◆ Exercise:
Once the pictures are set aside, transcribe the remaining data exactly.

◆ Given data:
___
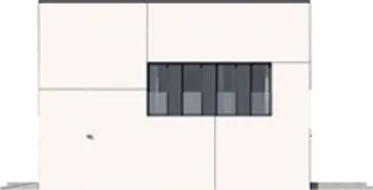 Projekt domu moderno przedstawia nowoczesny budynek jednorodzinny z pulpitowym jednospadowym dachem. Ten wolnostojący dom, charakteryzujący się prostokątnym rzutem, jest atrakcyjny cenowo i ma ekonomiczną konstrukcję. Zewnętrzne wykończenie wykonane jest z tynku strukturalnego na siatce, z charakterystycznymi liniami przeżłobień wtopionymi w fasadę.
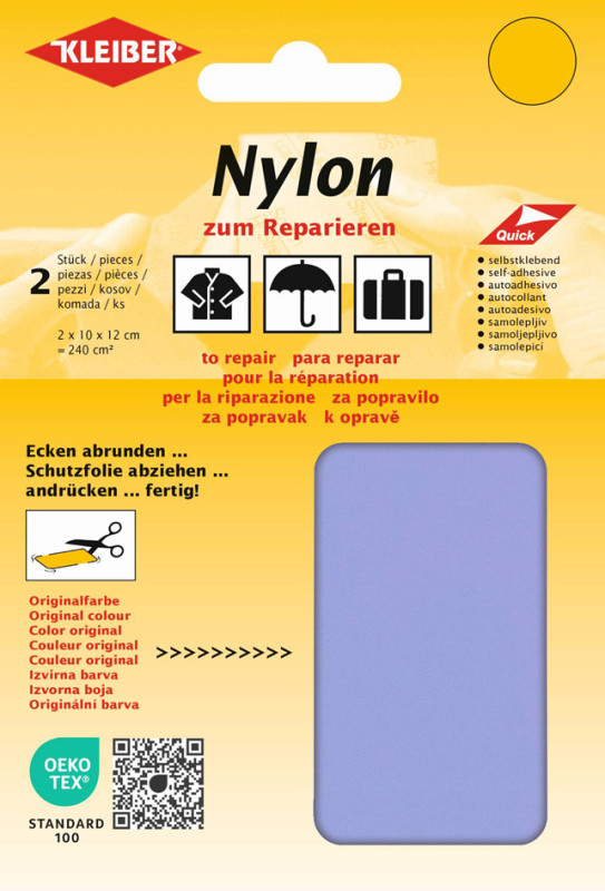 pour réparer vêtements de plein air, parapluies, sacs,, articles de camping, etc..., matériau : 100 % polyamide,, dimensions: 100 x 120 mm, peut être découpée, contenu : 2 pièces, (43042)
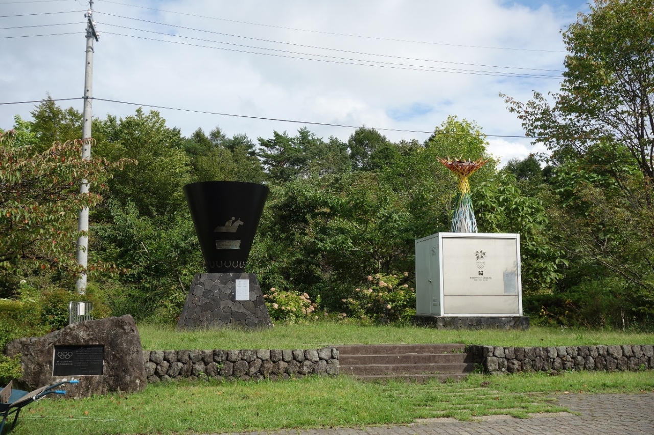 軽井沢に滞在中、風越公園を訪れた際こちらの施設のあたりを散策しました。公園入口から奥の方へ進むとスカップ軽井沢、軽井沢町植物園展示館が有り、その横にオリンピック開催を記念して置かれた二つの碑が有ったので見学してきました。
___
◆ Solved exercise:
 Projekt domu moderno przedstawia nowoczesny budynek jednorodzinny z pulpitowym jednospadowym dachem. Ten wolnostojący dom, charakteryzujący się prostokątnym rzutem, jest atrakcyjny cenowo i ma ekonomiczną konstrukcję. Zewnętrzne wykończenie wykonane jest z tynku strukturalnego na siatce, z charakterystycznymi liniami przeżłobień wtopionymi w fasadę.
 pour réparer vêtements de plein air, parapluies, sacs,, articles de camping, etc..., matériau : 100 % polyamide,, dimensions: 100 x 120 mm, peut être découpée, contenu : 2 pièces, (43042)
 軽井沢に滞在中、風越公園を訪れた際こちらの施設のあたりを散策しました。公園入口から奥の方へ進むとスカップ軽井沢、軽井沢町植物園展示館が有り、その横にオリンピック開催を記念して置かれた二つの碑が有ったので見学してきました。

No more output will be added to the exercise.